Biography
Currently, I am a Research Lead at ByteDance Ads GenAI, where I work on Generative Foundation models.
I got my Master's degree from the Department of Computer Science and Engineering, Zhejiang University.
My previous research focus is on large scale open world visual understanding and pretraining in images & videos.
Research Interests
Visual Foundation Models, Generative Pretrain Models and Large Language Models.
Unified visual generation and understanding the complex world for computer vision.
Large-scale multi-modality generative Pretrain and Alignment.
Open world/vocabulary Visual Recognition : Equip vision with knowledge and semantics.
Highlights
Visual AutoRegressive modeling: a new visual generation Framework elevates Autoregrssive models beyond diffusion, indicate scaling law in image generation.
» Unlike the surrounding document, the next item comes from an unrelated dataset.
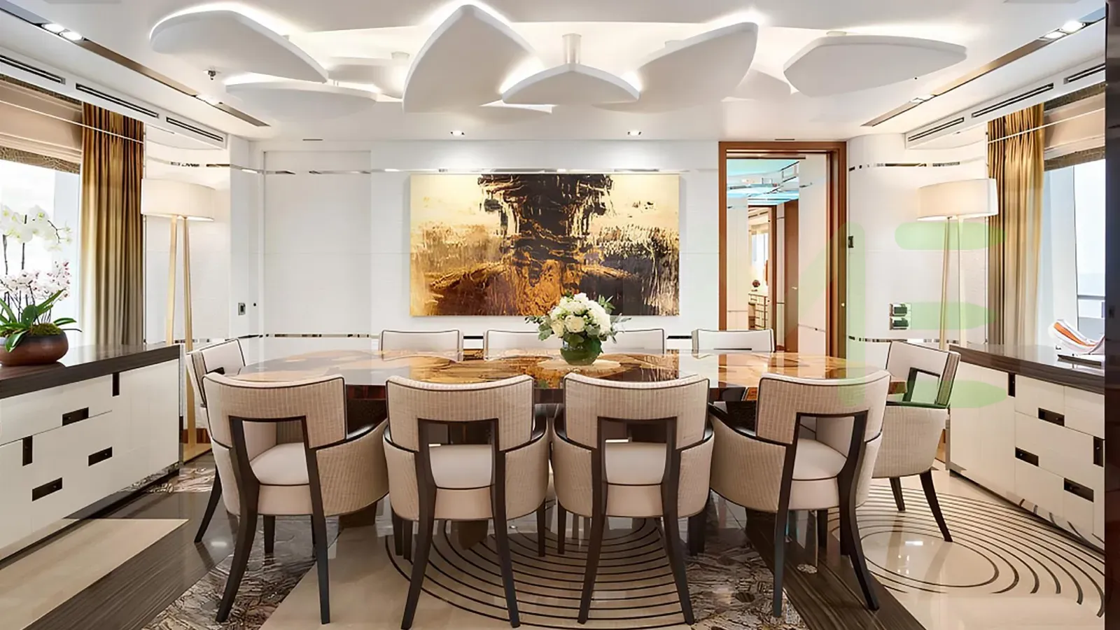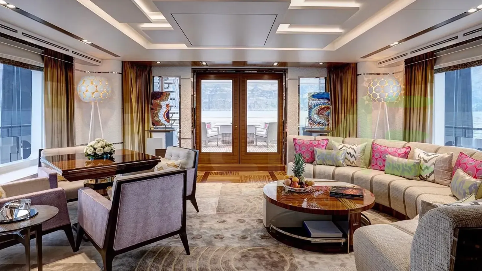 With a gross tonnage of 499, the PHILOSOPHY yacht for charter provides ample interior space for enjoyment. PHILOSOPHY offers accommodations for up to 8 guests in 4 lavishly appointed staterooms. She can also carry up to 8 crew onboard, including the Captain, to ensure a relaxed luxury yacht charter experience. The interior design by Bannenberg & Rowell Design exudes a sense of luxury, seamlessly blending comfort with style.

GLEE is accepted by CVPR 2024 as Highlight, An object-level foundation model for locating and identifying objects in images and videos.
UNINEXT unifies 10 instance perception tasks using a single model with the same model parameters
ByteTrack ranks 1th of the most influential papers in ECCV 2022. Code is available on github with 4.3k stars
Unicorn accepted by ECCV'22 as Oral Presentation . Unicorn accomplishes the great unification of the tracking network architecture and learning paradigm
Sparse R-CNN accepted by CVPR'21. Sparse R-CNN is integrated into several famous frameworks(Detectron2, MMDetection, PaddlePaddle)
Publications [Google Scholar]
(* Equal contribution, † Corresponding Author or Project Lead)
-
Visual Autoregressive Modeling: Scalable Image Generation via Next-Scale Prediction
Keyu Tian, Yi Jiang†, Zehuan Yuan, Bingyue Peng, Liwei Wang
Neural Information Processing Systems NeurIPS 2024 Oral.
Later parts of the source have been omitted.